Pertarungan ini menjadi sorotan karena mempertemukan petinju kelas berat paling disegani saat ini dengan petarung kickboxing yang hanya memiliki satu pertarungan tinju profesional—12 tahun lalu. Meskipun di atas kertas Usyk diunggulkan mutlak, ia menolak meremehkan lawan. “Saya tidak menganggap ini mudah. Ini adalah petarung,” ujar Usyk dalam konferensi pers, menegaskan keseriusannya menghadapi Verhoeven yang dijuluki “berbahaya”.
Usyk (39 tahun) — 106 kg, rekor 24-0 (14 KO).
Verhoeven (37 tahun) — 117 kg, rekor 1-0 (1 KO) di tinju, tetapi tak terkalahkan di kickboxing selama 16 tahun.
Gelar yang dipertaruhkan: WBC, WBA super, dan IBF Usyk. Verhoeven hanya bisa merebut IBF jika menang.

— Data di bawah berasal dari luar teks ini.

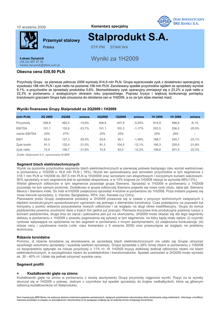 Komentarz specjalny BRE Bank Securities BRE Bank Securities Komentarz specjalny 10 września 2009 Stalprodukt S.A. Przemysł stalowy Polska STP.PW STAW.WA Wyniki za 1H2009 Łukasz Dynysiuk (48 22) 697 47 36 [email protected] Obecna cena 539,50 PLN Przychody Grupy za pierwsze półrocze 2009 wyniosły 814,9 mln PLN. Grupa wypracowała zysk z działalności operacyjnej w wysokości 188 mln PLN i zysk netto na poziomie 156 mln PLN. Zanotowany spadek przychodów ogółem ze sprzedaży wyniósł 9,1%, a przychodów ze sprzedaży produktów 5,6%. Skonsolidowany zysk operacyjny zmniejszył się o 23,2% a zysk netto o 22,3% w porównaniu z analogicznym okresem roku poprzedniego. Poprzez kryzys i większą konkurencję pomiędzy branżowymi graczami Grupa była zmuszona do obniżenia cen w 1H2009, a co za tym idzie również marż. Wyniki finansowe Grupy Stalprodukt za 2Q2009 i 1H2009 (mln PLN) 2Q 2009 2Q208 zmiana 2Q2009 1Q2009 zmiana 1H 2009 1H 2008 zmiana Przychody 406,9 482,5 -15,6% 406,9 407,9 -0,25% 814,9 896,6 -9,1% EBITDA 101,1 132,6 -23,7% 101,1 102,3 -1,17% 203,5 256,2 -20,5% marża EBITDA 25% 27% - 25% 25% - 25% 29% - EBIT 93,6 127,3 -26,4% 93,6 95,1 -1,48% 188,7 245,7 -23,1% Zysk brutto 91,3 132,4 -31,0% 91,3 104,0 -12,1% 195,3 250,0 -21,8% Zysk netto 72,9 106,7 -31,6% 72,9 83,0 -12,2% 156,8 201,9 -22,3% Źródło: Stalprodukt S.A., opracowanie DI BRE Segment blach elektrotechnicznych Wynik na poziomie przychodów segmentu blach elektrotechnicznych w pierwszej połowie bieżącego roku wzrósł wartościowo w porównaniu z 1H2008 o 18,8 mln PLN ( 16%). Wynik ten spowodowany jest wzrostem przychodów w tym segmencie z 318,1 mln PLN w 1H2008 do 367,5 mln PLN w 1H20009 oraz wzrostami cen eksportowych i korzystnym kursem walutowym. 90% sprzedaży w tym segmencie jest to sprzedaż eksportowa, a w 10% krajowa (w 1H2008 relacja ta wynosiła 88%/12%). Wśród głównych odbiorców w tym segmencie pozostaje grupa Siemens. Sprzedaż w 1H2009 w porównaniu z 1H2008 pozostaje na tym samym poziomie. Dodatkowo w grupie odbiorczej Siemens pojawiły się nowe rynki zbytu, takie jak: Siemens Mexico i Siemens Indie. Do Indii w1H2009 zwiększono sprzedaż 4-krotnie w porównaniu do 1H2008. Poza Indiami pojawiły się nowe kierunki sprzedaży, tj. Irlandia, Bangladesz, RPA, Iran, Kanada czy Chiny. Planowane przez Grupę zwiększenie produkcji w 2H2009 przesunie się w czasie z przyczyn technicznych związanych z błędami konstrukcyjnymi spowodowanymi uginaniem się jednego z elementów konstrukcji. Czas poświęcony na poprawki był korzystny z punktu widzenia poszukiwania nowych odbiorców i ze względu na długi okres kwalifikacyjny. Grupa do końca października powinna uruchomić dwie z trzech linii (jedna już pracuje). Pierwsza kluczowa linia produkcyjna powinna ruszyć z końcem października, druga linia do cięcia i pakowania jest już na ukończeniu. 2H2009 może okazać się dla tego segmentu słabszy w porównaniu z 1H2009 z powodu pogorszenia się sytuacji w tym segmencie, na który będą miały wpływ: (i) czynniki rynkowe wpływające na opóźnienie na ten segment w porównaniu z innymi asortymentami; (ii) zwiększona konkurencja; (iii) niższe ceny i uzyskiwane marże (vide: nasz komentarz z 5 sierpnia 2009) oraz przesunięcie ze względu na problemy techniczne. Rdzenie toroidalne Pomimo, iż rdzenie toroidalne są skorelowane ze sprzedażą blach elektrotechnicznych nie udało się Grupie utrzymać wysokiego wolumenu sprzedaży i wysokiej wartości sprzedaży. Grupa sprzedała o 26% mniej rdzeni w porównaniu z 1H2008 co bezpośrednio wpłynęło na niższe przychody o 11% r/r. W 1H2009 kryzys dotkliwiej dotknął odbiorców rdzeni niż blach elektrotechnicznych, w szczególności rdzeni do przekładników i transformatorów. Spadek zamówień w 2H2009 może wynieść ok. 30 - 40% r/r. Udało się jednak utrzymać wysokie ceny. Segment profili • Kształtowniki gięte na zimno Kształtowniki gięte na zimno w porównaniu z resztą asortymentu Grupy przyniosły najgorsze wyniki. Popyt na te wyroby skurczył się w 1H2009 o połowę. Jednym z czynników był spadek sprzedaży do krajów nadbałtyckich, które są głównym odbiorcą kształtowników od Stalproduktu. Dom Inwestycyjny2009 BRE Banku nie wyklucza złożenia emitentowi papierów wartościowych, będących przedmiotem rekomendacji oferty świadczenia usług maklerskich. Informacje o konflikcie 10 września interesów powstałym w związku ze sporządzeniem rekomendacji (o ile występuje) znajdują się na ostatniej stronie niniejszego komentarza. Komentarz specjalny BRE Bank Securities • Produkty z Centrum Serwisowego W 1H2009 Grupa zanotowała spadek wolumenów (6,3% vs 1H2008) i wartości (24% vs 1H2008) sprzedaży produktów oferowanych z centrum serwisowego. • Ochronne bariery drogowe Pierwsze sześć miesięcy bieżącego roku przyniosły Grupie dobre wyniki w zakresie sprzedaży ochronnych barier drogowych. W porównaniu do analogicznego okresu roku poprzedniego wzrost wolumenów sprzedaży i wartości wyniósł prawie 30%. Tak znaczny wzrost w warunkach branżowej dekoniunktury wynikał z realizacji umów długoterminowych zawartych jeszcze w roku 2008. Finalizowane były, np. umowy dotyczące autostrady A-4 (odcinek Zgorzelec - Wykroty i odcinek Wielicka - Szarów oraz autostrady A-1 (odcinek Sośnica - Bełk). Struktura sprzedaży tego asortymentu uległa zmianie zwiększając udział eksportu, który obecnie stanowi 18% przychodów ze sprzedaży (1H2008 wynosił ok. 10%). Grupa planuje jeszcze bardziej zintensyfikować sprzedaż na zagranicznych rynkach. W 2H2009 uważamy, że ze względu na spadek cen surowców można spodziewać się spadku średniej ceny sprzedaży w związku z realizacją kolejnych kontraktów podpisanych w 2009 roku. Dane dotyczące segmentów operacyjnych z 1H2009 (lewy) i 1H2008 (prawy) 400 500 367,5 434,5 450 335,7 325,4 350 400 363,1 300 250 m ln P LN m ln PLN 350 201,1 200 166,3 150 3

Verhoeven, yang dikenal sebagai raja kickboxing kelas berat, tampil percaya diri. “Saya sangat senang dan percaya diri. Saya sepenuhnya tenggelam dalam dunia tinju,” katanya. Namun, ia enggan membuat prediksi. “Kami tidak akan membuat prediksi. Semoga yang terbaik menang,” tambahnya. Pertarungan ini juga menjadi ajang pembuktian bagi Verhoeven yang selama ini disanksi kemampuannya di ring tinju murni.
Penambahan bobot Usyk memicu spekulasi. Beberapa pihak mengaitkannya dengan strategi untuk menambah kekuatan pukulan dan mengincar kemenangan cepat. Namun, mantan juara kelas menengah super Richie Woodhall menilai perubahan itu tidak signifikan. “Jika ia naik satu setengah stone, itu masalah. Tapi saya tidak yakin ini mengubah cara ia bertinju. Usyk bisa menghadapi gaya apa pun,” ujar Woodhall, yang juga menjadi pundit BBC. Ia menambahkan bahwa Verhoeven yang bertinggi 196 cm harus memanfaatkan keunggulan jangkauan dengan hati-hati, tanpa terlalu agresif.
Di bawah laga utama, petinju Inggris Hamzah Sheeraz (76 kg) akan bertarung melawan Alem Begic untuk memperebutkan gelar kelas menengah super WBO yang lowong. Sementara Jack Catterall (67 kg) akan menghadapi Shakhram Giyasov untuk sabuk WBA regular kelas welter.
Laga Usyk vs Verhoeven menjadi ujian menarik: apakah seorang petarung kickboxing legendaris bisa mengejutkan dunia tinju, ataukah kelas dan pengalaman Usyk akan kembali membuktikan dominasinya. Terlepas dari hasil, pertarungan di lokasi ikonik ini menegaskan daya tarik tinju sebagai tontonan global yang terus melampaui batas tradisional.